How does coronavirus affect pregnant women?


How does coronavirus affect pregnant women?
Amid the COVID-19 pandemic, many couples trying for or expecting a baby are concerned for their reproductive health and the health of their unborn child.

Data is limited when it comes to how coronavirus affects pregnancy and there are many unknowns.

According to the US Centers for Disease Control and Prevention (CDC), it is currently unknown whether pregnant women have a greater chance of getting sick from COVID-19 than the general public or whether they are more likely to have serious illness as a result.

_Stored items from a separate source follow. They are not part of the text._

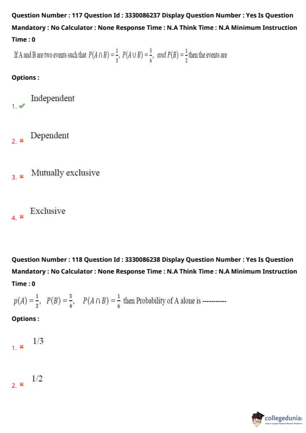 If \( A \) and \( B \) are two events such that \( P(A \cap B) = \frac{1}{3}, P(A \cup B) = \frac{5}{6}, \) and \( P(B) = \frac{1}{2} \), then the events are
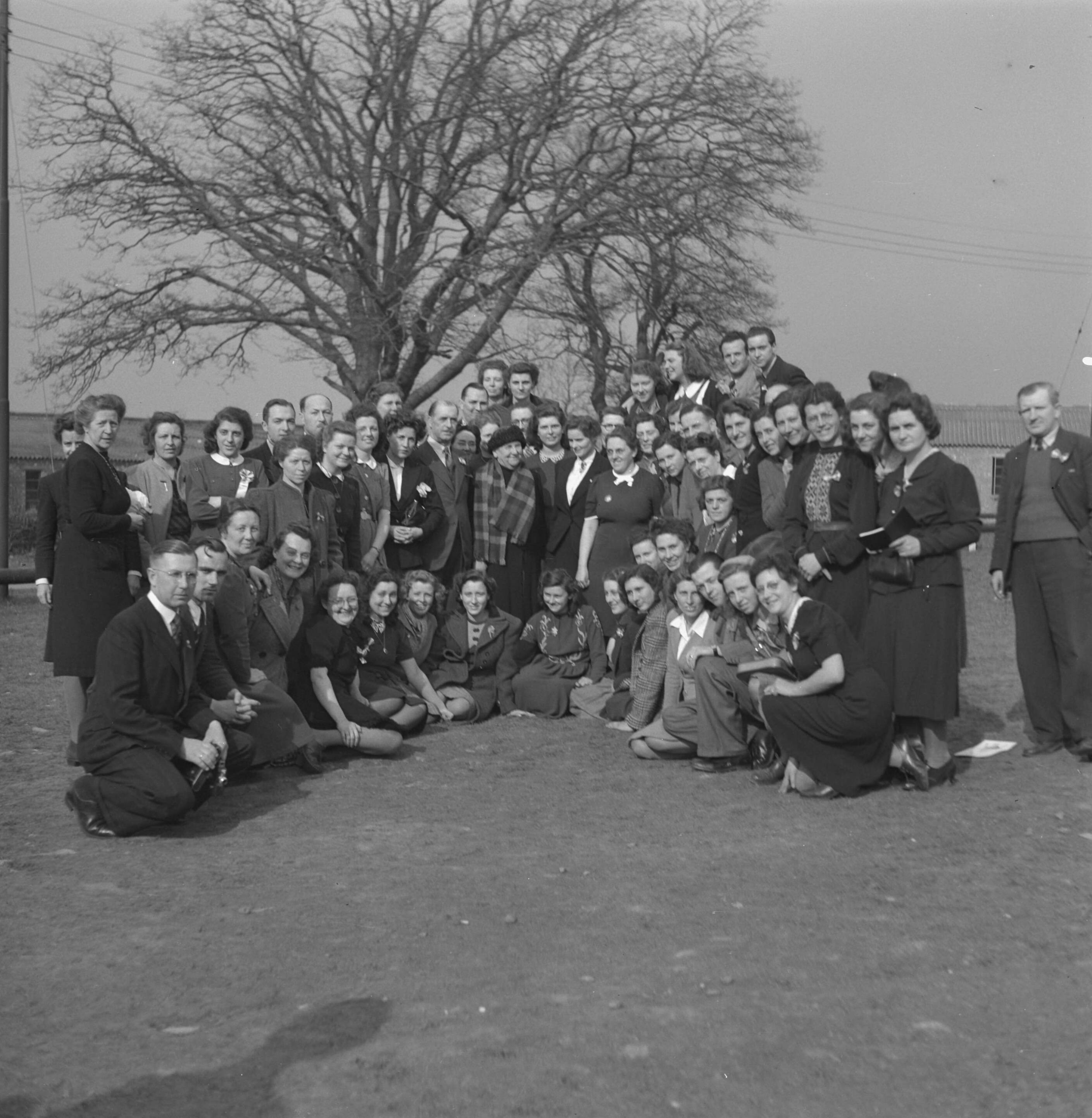 Koningin Wilhelmina bezoekt het kamp te Baginton Coventry waar Nederlandse kinderen, overgebracht uit bevrijd Nederlands gebied recupereren. Groepsfoto
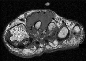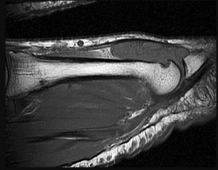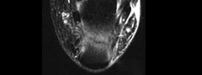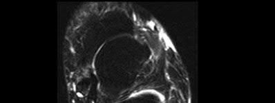 The MRI scans show a distal biceps tendon avulsion with significant retraction. When addressing these injuries, a single-incision approach has been associated with an increased risk of lateral antebrachial cutaneous nerve injury. A two-incision approach has been associated with an increased risk of heterotopic ossification, second surgeries and posterior interosseous nerve injury.

They also do not know whether COVID-19 can cause problems for a pregnancy, whether the virus can be passed from a pregnant woman to the foetus or newborn, or if there is any risk posed to an infant if a pregnant woman has COVID-19.

Meanwhile, World Health Organisation guidelines state: “There is no evidence that pregnant women present with different signs or symptoms or are at higher risk of severe illness. So far, there is no evidence on mother-to-child transmission when infection manifests in the third trimester … WHO recommends that caesarean section should ideally be undertaken only when medically justified.”

However, the UK Government has announced that pregnant women are at increased risk of severe illness from coronavirus, with Public Health England chief medical officer Chris Whitty saying they are in the “high risk” category and should stay at home for 12 weeks.

He said the advice to pregnant women is “a precautionary measure” because ““we are early in our understanding of this virus and we want to be sure”.

Keep in mind that changes in the immune system during pregnancy can make women more susceptible to respiratory infections in general.

Due to the many unknowns and the mixed messaging, it is important for pregnant women to take precautions to protect themselves from COVID-19.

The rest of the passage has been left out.